Sombre, muette, têtue, elle révèle enfin son âme mauvaise. Elle demeure immobile, collée dans un coin du plafond, juste au-dessus de l’amphore de Majorque, la blanche amie pleine de grâce et au cou délicat, dressée sur son étagère.
Un bout de fil pend au nombril de Madame Bâbe ; il flotte ; et c’est tout ce qu’il reste d’espoir de la rattraper.
Le père est requis. Docile comme il convient au père d’une fille, unique enfant, il se hisse sur la chaise la plus haute, fait des signes, appelle le ballon, non tant pour le ravoir que pour mériter le sourire de Bée.
Bibles vêtues de cuir amadou, pesantes Vies des Saintes gainées de planches, sont échafaudées.
L’Atlas neuf lui-même est sous ses pieds, quoique allemand, et de Justus Perthes.
Les pincettes à la main, du haut de ces tréteaux, le père s’étire, tend le cou, tâche à saisir le fil du ballon, avec la mimique d’un acteur adjurant l’Infini. En vain. Il faudra l’échelle.
On court emprunter l’échelle du charcutier voisin, qui est celle aussi du quartier.
Pour reconnaître l’emprunt, on devra demain manger de la viande froide.
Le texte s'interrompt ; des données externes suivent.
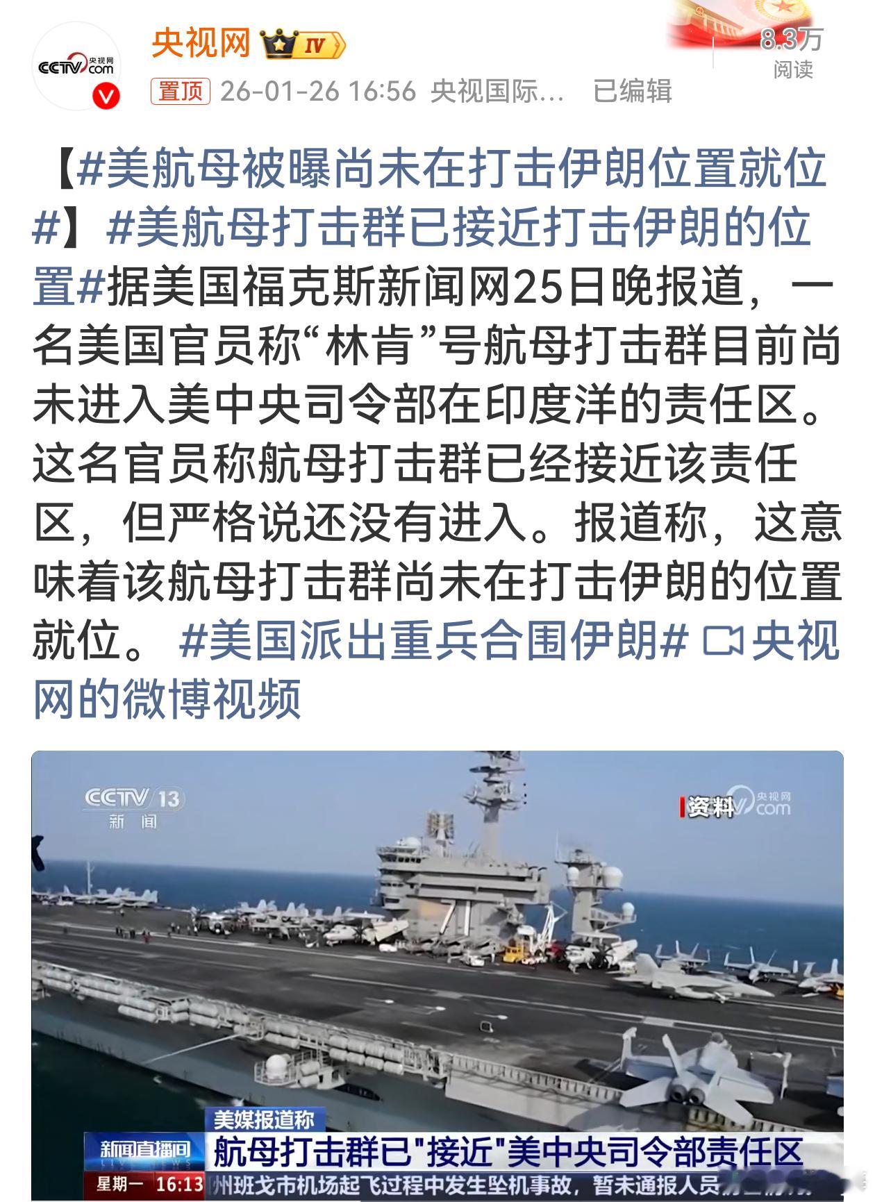 美航母被曝尚未在打击伊朗位置就位这很可能是信息战的一部分。美媒释放“林肯”号航母打击群未就位信息,一方面可对伊朗形成心理威慑,暗示打击随时可能到来;另一方面也可能是故意误导,掩盖其真实军事意图,让伊朗难以准确判断局势,在信息博弈中占据主动。

Et cela aussi c’est la faute au ballon.
La machine vient avec bruit et importance.
On l’entend cogner aux murs ses montants qui sont gras à la main autant que de la couenne de lard.
Or, elle est si haute que ses pieds sont encore au palier quand sa tête heurte le plafond de la chambre.
On a beau l’incliner, l’insinuer, la pencher, la tordre, vouloir la prendre en traître, elle ne prétend pas entrer plus loin.
Et puis, sans avoir servi, elle se retire avec le tumulte d’un domestique renvoyé.
Que faire ? Bée dont l’âge est religieux essaie de la prière.
- Oh viens, Madame Bâbe ! Viens, Madame Bâbe !
Mais il vaudrait mieux, pour l’enfant, demander la lune qu’implorer cette glabre face ronde.
Pour apaiser les cris de Bée, ou du moins lui fermer la bouche, on y fourre la réserve des bonbons du ménage, ainsi qu’on jette sans compter, quand il le faut, un lest précieux.
Le ventre rond, Bée se calme, Bée sourit, Bée s’endort. Le lendemain, les rideaux tirés, personne ne pense plus à l’infidèle.
Madame Bâbe roule sur le tapis, comme une boule ridée, terne, molle, donnant l’idée d’une laide maladie qui va peler.
La chienne vient, du museau, pousser Bâbe la décatie. Mémenne, plus délicat, fait un bond pour ne pas la toucher.
- Houe ! dit Bée. Partez, vilaine ! et d’un coup de pied crève Bâbe qui meurt avec un bruit honteux.
Bée sans pitié pétrit les restes de son idole d’hier, en une boulette qu’elle colle soigneusement sur le poêle brûlant.
En un instant la chambre est empestée. La vieille servante doit venir ouvrir les fenêtres, le poil hérissé de colère.
- Ah, c’est le jouet d’hier, dit-elle. Il fallait encore celui-là... Et il y en avait déjà une brouette !... De mon temps (la vieille Thérèse a de la barbe) de mon temps, les enfants avaient, pour s’amuser, les rats morts trouvés au grenier, et quelquefois une taupe des champs, une taupe de velours... Et quel plaisir !
Enfants, poules et pigeons embrennent et souillent la maison.